モンスター娘という『属性』をご存知ですか?
モンスター要素を持つ女の子って書くと伝わり易いでしょうかね。
ハーピィだったりマーメイドだったり下半身が馬だったり頭からツノが生えていたりetc...

『モンスター娘』は『人間』でできる部分、できない部分があります。
その差異が、モンスター娘という属性を引き立ててくれます。

この小説は、人間に裏切ら酷い目にあった真島孝弘君(主人公)の物語。
人間であること。モンスターであること。たったひとつの大きい壁がスパイスとなって物語を彩ります。

表紙絵



モンスターのご主人様 : 1 (モンスター文庫)
著:日暮眠都先生
イラスト:ナポ先生


今回はモンスターのご主人様の1巻の感想です。
ネタバレだらけですので要注意です。

先に書きます。
なんとこの小説、普通のラノベなら必ずあると言ってもいい、作者のあとがきがありません。ビックリです。
あとがきが無い分だけ、限界まで物語が書かれています。
どんな小説でもあとがき結構楽しみにしていただけに、残念のような、その分だけ物語があったので嬉しいような……複雑な気持ちです。

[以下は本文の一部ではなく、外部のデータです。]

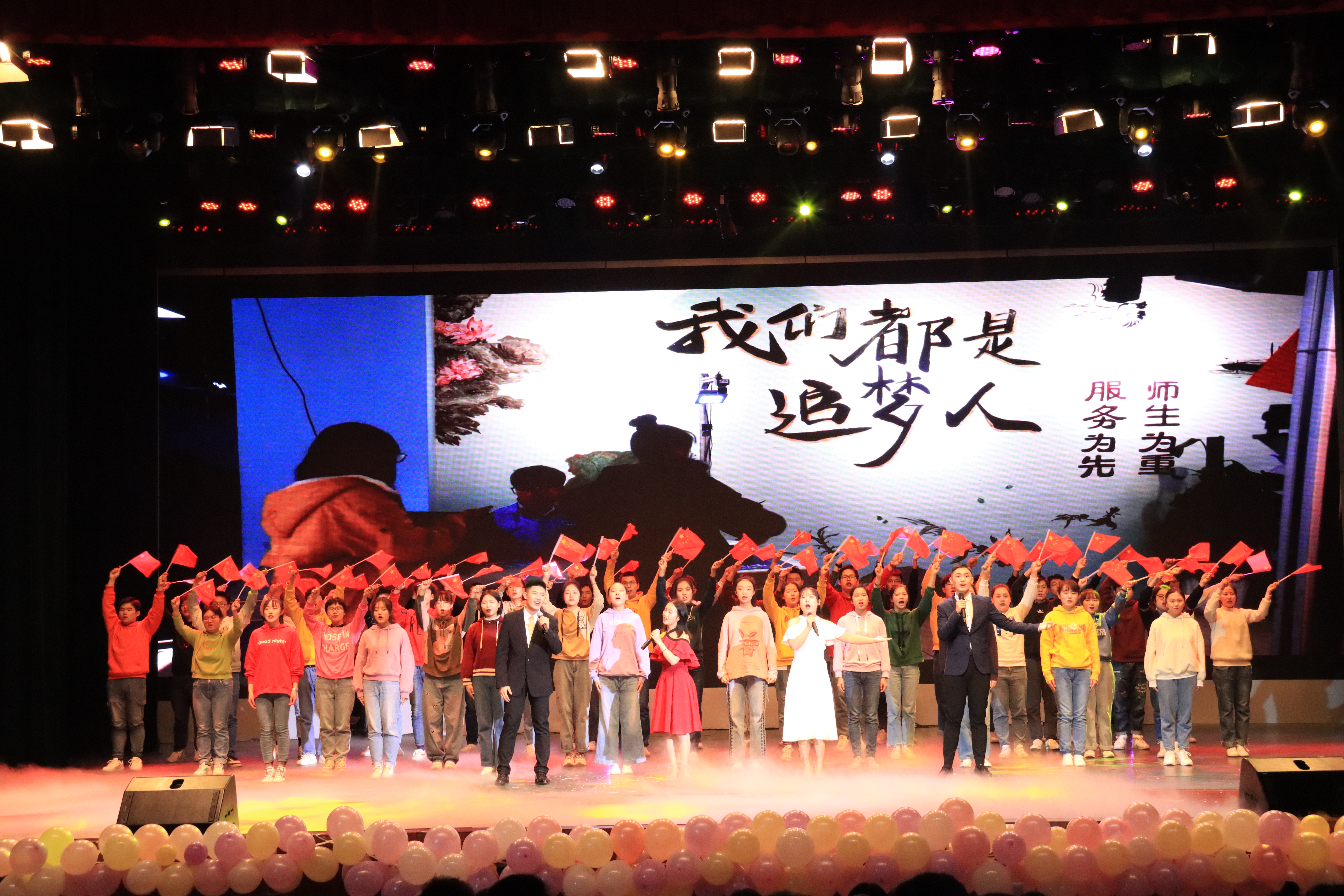 风华正茂青春时,不负少年凌云志。本次晚会以“爱国”、“青春”、“奋斗”、“逐梦”为主线,共分为《初心•梦》、《青春•志》、《砥砺•行》三个篇章。歌舞、器乐、小品、相声、走秀、朗诵,各类节目精彩纷呈,引人入胜,带给观众绝佳的视听体验,向同学们传递了爱国与青春的精神力量。歌曲串烧以及舞蹈节目让观众们感受到青春的无限活力与激情;小品《勿伤青春》使得台下笑声一片,并号召同学们抵御校园暴力,共建美好校园;朗诵《月光下的中国》气势高昂、声情并茂,使同学们为中国的快速发展与取得的成就感到骄傲,点燃了在场每个人的爱国热情;相声《说学逗唱》以其幽默生动的风格引得台下笑声阵阵;魔术与乐器演奏则将观众们领进艺术的海洋,感受魔术与音乐的魅力;大合唱《我们都是追梦人》以及《逐梦》充满青春的活力,带给同学们逐梦道路上一往无前的勇气和披荆斩棘的力量。

さて、この小説はなろうさん出身小説でコミカライズも行われています。
相当数なボリュームが確約されていて、この記事を書いている現在、11巻まで既に刊行されています。
コミカライズ版は小説版に比べて分かり易い反面、心情描写が漫画だとどうしても圧縮されてしまうため、余韻が残り難い印象があります。というか両方比較すると小説版に軍配をあげざるを得ません。
ちなみにこの小説を知ったのはコミカライズ版がきっかけです。それだけにもやっとしちゃいます。

『小説家になろう』掲載ページ

コミカライズ版掲載ページ(リンク先から探してください)

あともうひとつ。
女の子が凄惨な目に合うシーンがありますので、そういう系が苦手な方は回れ右をすることをお勧めします。

さてどういうお話なのか軽く見てみましょう。
いわゆる現代世界から異世界に移動するケースの小説です。転生では無いです。恐らく。
主人公君である孝弘君だけでなく、教師も含めて学校の人間が丸ごと異世界に行きます。規模が大きいのです。恐らく三桁の人数でしょう。コミカライズ版の1話目をご覧になればわかりますが、異世界に移動してから森の中に建てたと思われる小屋の数は相当数に上るようです。

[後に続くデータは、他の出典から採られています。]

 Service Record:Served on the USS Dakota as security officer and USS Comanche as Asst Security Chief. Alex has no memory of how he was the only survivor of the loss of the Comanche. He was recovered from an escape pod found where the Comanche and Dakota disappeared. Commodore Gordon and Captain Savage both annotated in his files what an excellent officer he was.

異世界に行った人間の数が多い上に、異世界に移動した際にいわゆるチートスキルに目覚めた生徒がゴロゴロ発生します。目覚めない生徒もいます。また、チートスキルも強弱様々なようです。
戦闘向きのチートスキル持ちをウォーリアと呼ぶことにし、探索班を出すなどして模索していきます。

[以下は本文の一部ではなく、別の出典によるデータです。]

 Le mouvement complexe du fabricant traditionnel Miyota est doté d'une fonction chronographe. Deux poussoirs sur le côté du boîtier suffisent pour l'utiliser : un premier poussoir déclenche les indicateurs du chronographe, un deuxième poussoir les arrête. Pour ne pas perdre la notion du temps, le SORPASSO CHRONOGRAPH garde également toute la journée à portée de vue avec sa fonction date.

しかし弱肉強食な世界なのです。モンスターやドラゴンが跋扈する森の中にワープしてしまったので、戦闘能力があるメンバーとそうでないメンバーに別れ、居住生活を繰り広げます。死人も当然ながら沢山出ます。遺体だらけなのです。
そうするうちにだんだんと精神も肉体も疲弊していき、やがて秩序が崩壊します。モンスターと人間の戦いではなく、人間と人間の戦いに突入します。内部分裂、略奪etc...

それまでチートスキルに目覚めなかった孝弘君も巻き込まれ、それはもう酷い目に合います。そうして崩壊したコロニー(居住区)を背に、孝弘君は生きるために森の脱出を目指すのでした……。



ココまでがプロローグです。
コミカライズ版だとイラストがある分エグさ倍増です。女の子も殺されているんですよ……なんて酷いことをっ。
こういう人間同士の醜い部分を散々見てしまったため、孝弘君は人間が信じられなくなってしまいます。いわゆる人間不信ってやつですね。

孝弘君は力尽きて死に掛けた時、スライムに襲われます。
ところがそのスライムとパスを繋ぐことに成功し、孝弘君は命を救われたのと同時にチートスキルを獲得したことがわかります。モンスターテイム――モンスター使いですね。召喚術師ではないです。
ややこしいので要約すると、パスを繋いだモンスターの好感度が最高になり、尽き従ってくれます。パスを繋いだモンスターは『眷属』と呼ばれます。
ですのでそのモンスターの意思は尊重されますし、命令に逆らうこともできます。する気があるかどうかは別にして。パスは誰とでも繋ぐことができるわけではなく、限られている、いわゆる眷属になる素質があるモンスターにのみ発揮されます。
また、パスが繋がったモンスターには強い自我が芽生えます。

スライムといえば古今東西ドラクエが一番有名だと思いますけど、本来スライムはアメーバに近くて斬属性に滅法強いとかそういう手強いモンスターなのです。昨今だと美女の姿を模ってスライム娘になるーなんてケースも色んな漫画やアニメで見受けられます。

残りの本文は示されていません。